2016-04-26 102 views
0

我在一个蜂巢表已经列:如何将Hive中的Array [Struct [String,String]]列类型投射到Array [Map [String,String]]?

列名:过滤器

数据类型:

|-- filters: array (nullable = true) 
| |-- element: struct (containsNull = true) 
| | |-- name: string (nullable = true) 
| | |-- value: string (nullable = true) 

我想通过它的相应的名称得到此列的值。

我做了什么至今:

val sdf: DataFrame = sqlContext.sql("select * from <tablename> where id='12345'") 

val sdfFilters = sdf.select("filters").rdd.map(r => r(0).asInstanceOf[Seq[(String,String)]]).collect() 

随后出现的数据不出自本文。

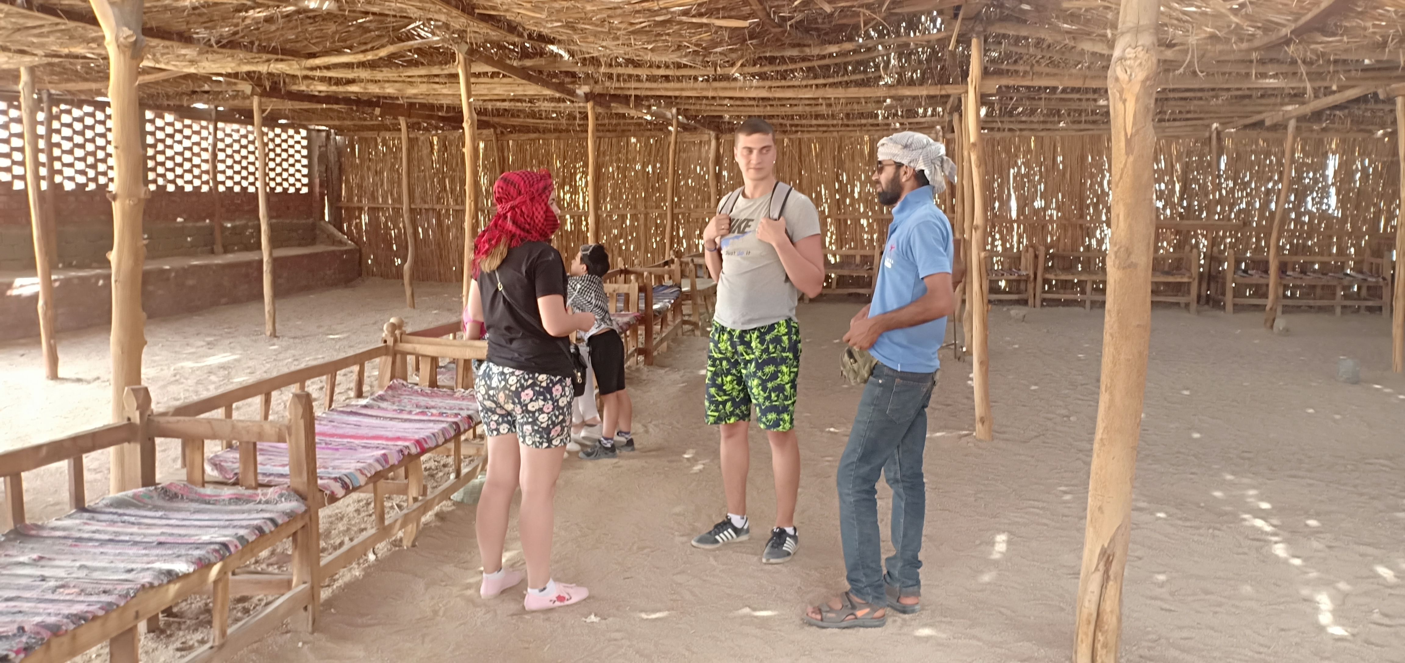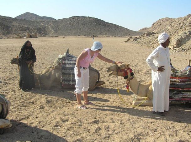 Gegen 13 Uhr werden Sie mit dem Jeep vom Hotel abgeholt. Sie fahren ca 45 Minuten durch die Wüste, wo sie Beduinensdorf erreichen. In der Nähe vom Elshaib Berg, dem höchsten Berg in der arabische Wüste würden wir eine Pause machen, wo sie die Fatamorgana sehen und die Sanddüne fotografieren können. Im Beduinensdorf reiten Sie Kamele, trinken Tee, rauchen die Wasserpfeife. Unser Safariführer gibt Ihnen eine Idee übers Beduinenleben – die Frauen bringen das Wasser vom Brunnen, sie melken die Kamele, backen das Brot, weben die Teppiche. Die Frauen haben eine grosse Rolle beim Wüstenleben. Sie treiben auch die Apotheken mit Naturprodukten, die Sie aus der Wüste gewinnen. Sie können die dort auch kaufen, zum Beispiel, bekommen sie Produkte um die Zähne weiss zu machen. Sehr populär ist auch natűrliches Deodorant....

Output: sdfFilters: Array[Seq[(String, String)]] = Array(WrappedArray([filter_RISKFACTOR,OIS.SPD.*], [filter_AGGCODE,IR]), WrappedArray([filter_AGGCODE,IR_])) 

注:铸造于Seq因为WrappedArray到地图的转换是不可能的。

接下来要做什么?

回答

1
I want to get the value from this column by it's corresponding name. 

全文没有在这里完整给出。